It is as good as it sounds, at least as far as productivity and having a small
codebase goes

\- Everybody is worried about security, but they got it covered. For each
collection you can filer who can publish/insert/update or delete. Each go
through a filter you attach a callback to, where you have the userId at hand
and can easily only allow the owner of a document to be able to update or
delete it. Or just as easy publish (for read) only the documents that a user
owns, for all regular users, and publish all of them for an admin user.

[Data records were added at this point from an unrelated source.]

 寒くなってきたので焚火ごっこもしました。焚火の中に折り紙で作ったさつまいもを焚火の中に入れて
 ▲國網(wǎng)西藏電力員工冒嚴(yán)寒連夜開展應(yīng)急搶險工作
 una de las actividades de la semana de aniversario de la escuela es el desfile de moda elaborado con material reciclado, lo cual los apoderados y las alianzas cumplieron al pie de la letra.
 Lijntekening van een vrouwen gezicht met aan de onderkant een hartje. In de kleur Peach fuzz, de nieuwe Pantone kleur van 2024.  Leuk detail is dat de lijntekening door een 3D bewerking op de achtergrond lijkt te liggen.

\- It takes a while to create an organized structure though, there is a
loading order for certain folder names, but basically everything that is in
your project will be loaded in the project asynchronously, w/out having any
control on the order. This makes it painful when dealing with inheritance, but
in the end you get around it using the folder order of loading they provide
and using the Meteor.startup callback, where you can assume all files have
loaded

\- Another thing that I found a bit counter intuitive at first is that
everything is template oriented. Usually you have a module of some sort, which
loads a template. Here you have a template, which has _code_ attached to it.
It's very easy to go the spaghetti-code no-framework JavaScript way. But if
you like having control and are able to create a scalable pattern for
modules/widgets, it becomes a very powerful tool

------
boothead
I like it, it would make a great "about" page for someone's blog.

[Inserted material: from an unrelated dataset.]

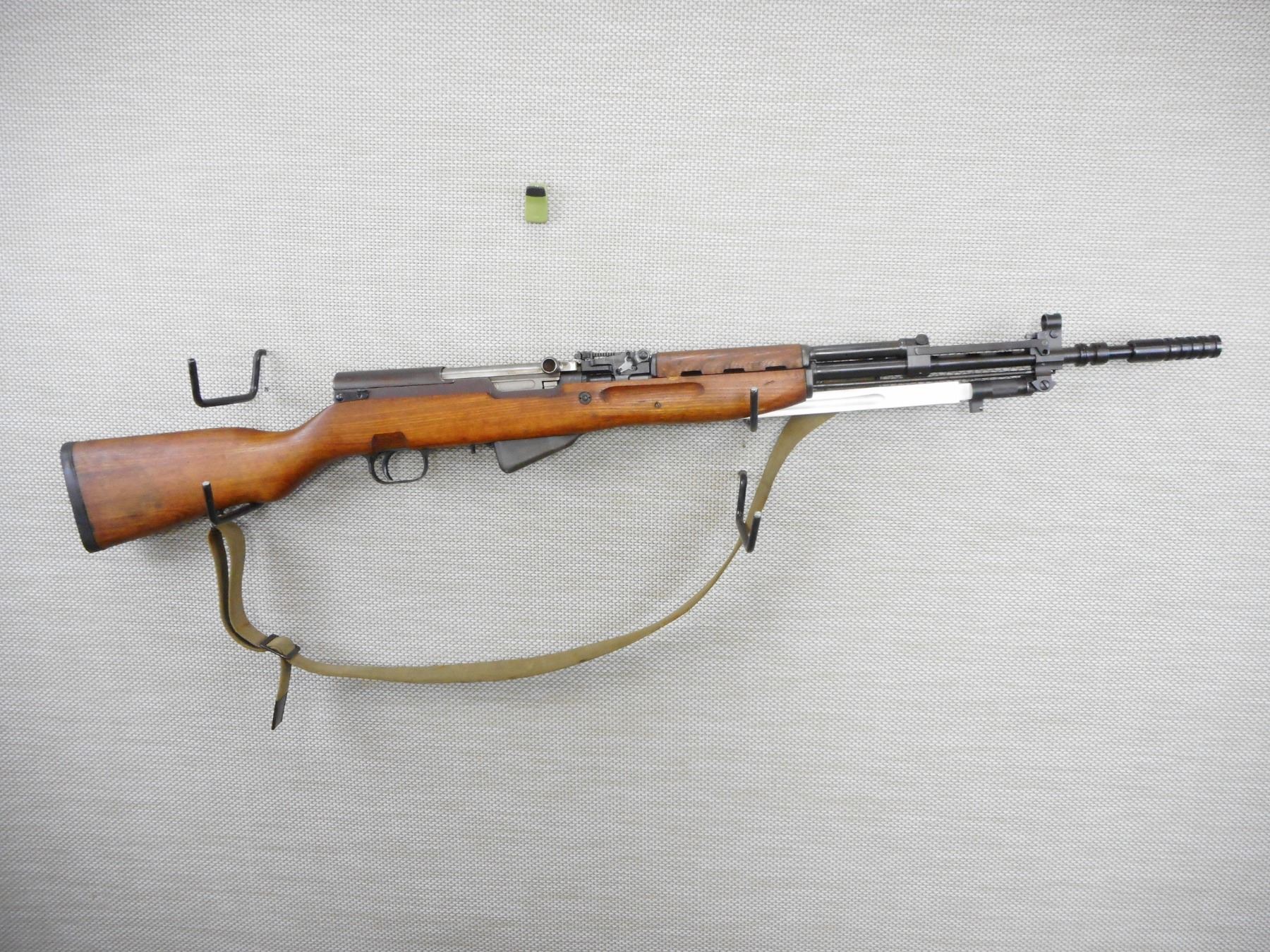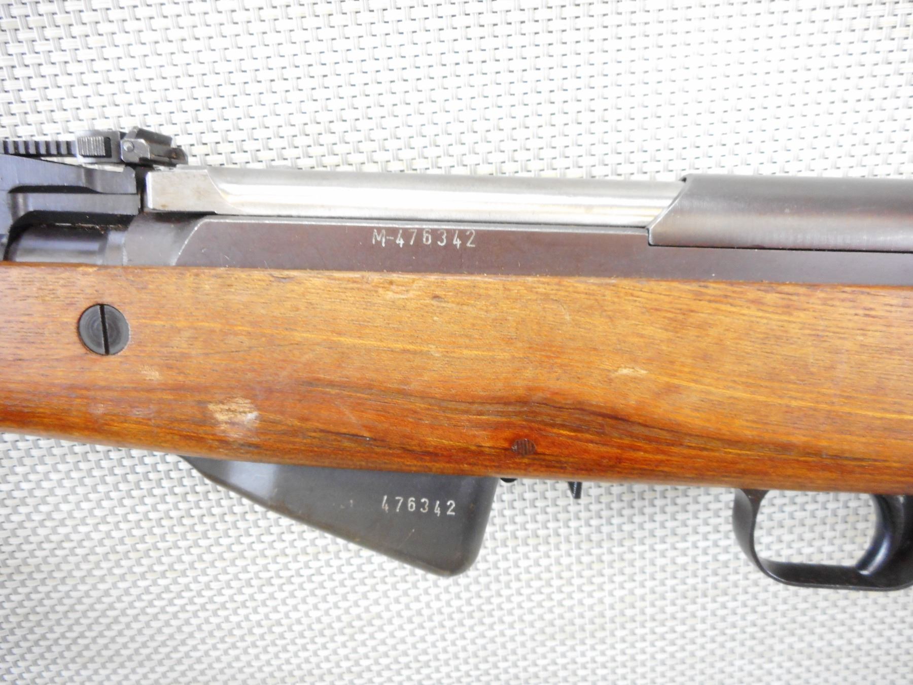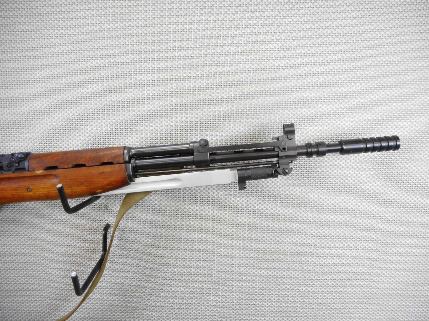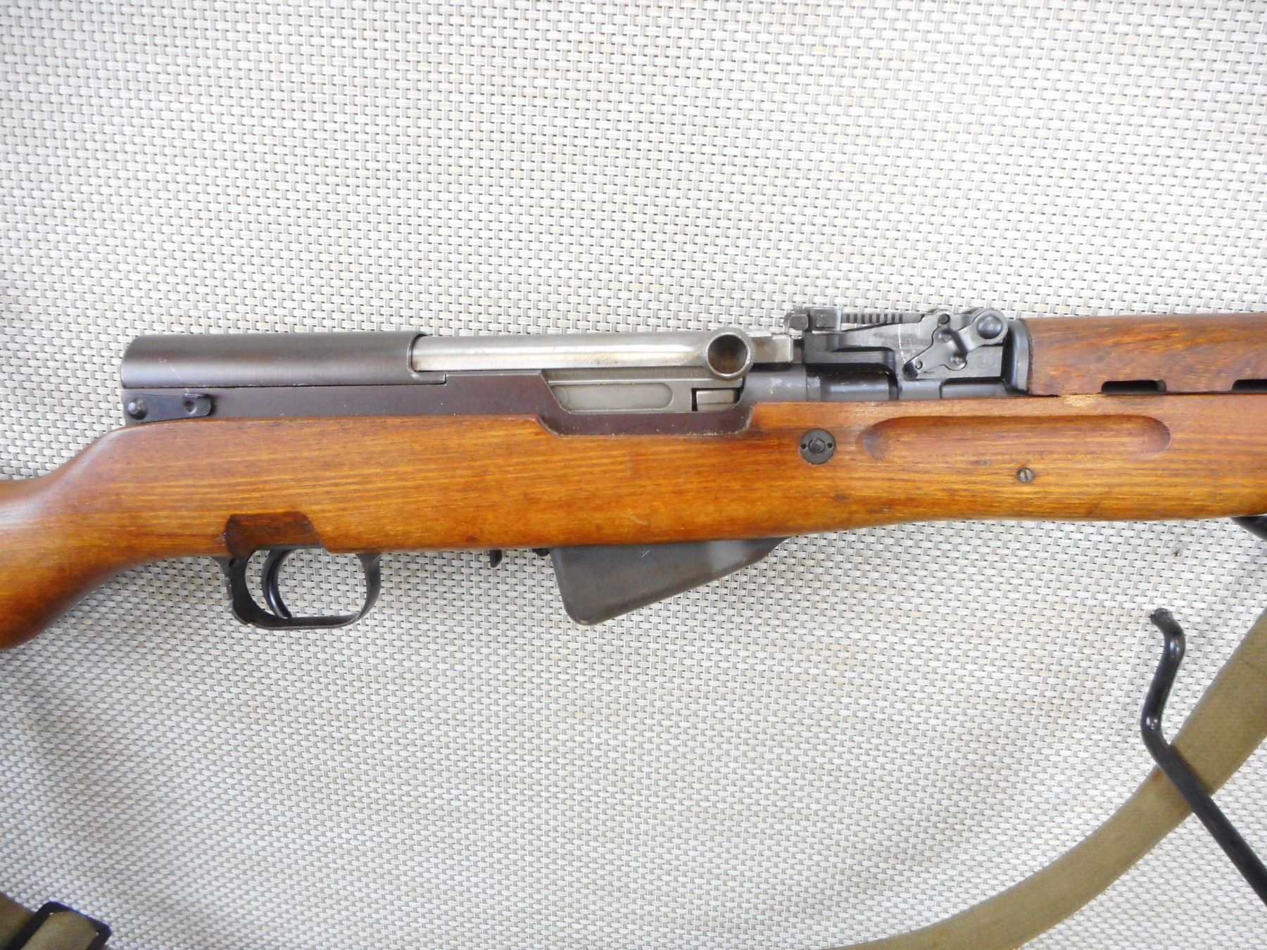SIMINOV, MODEL: SKS, CALIBER: 7.62 X 39 , YUGOSLAVIAN MADE, HAS GRENADE LAUNCHER, BORE IS EXCELLENT, HOODED FRONT AND ADJUSTABLE REAR SIGHT, TWO PIECE HARDWOOD STOCK WITH RUBBER BUTT PLATE, SHOWS SOME HANDLING MARKS, HAS SLING LOOPS WITH CANVAS SLING, FOLDING BLADE BAYONET, ALL MATCHING STOCK, RECEIVER AND BOLT , ACTION: SEMI AUTOMATIC RIFLE , BARREL LENGTH: 21" , CONDITION: 8/10 , STOCK # 9196 , SERIAL # M476342 , CLASS: CANADIAN NON RESTRICTED CLASS

I'm not sure that it really works as a resume though (at least in my small
part of the world which is finance in London). Where I am recruitment is
dominated be recruiters, and the majority of them need a CV that they can
change into their format (word) and send over to their client.

I'm also interested to know what meteor specifically brought to this, did you
need the real time features of meteor in some way or is it just that you
wanted to try it out?

It looks awesome though, really great work!

P.S. Are you really a paratrooper?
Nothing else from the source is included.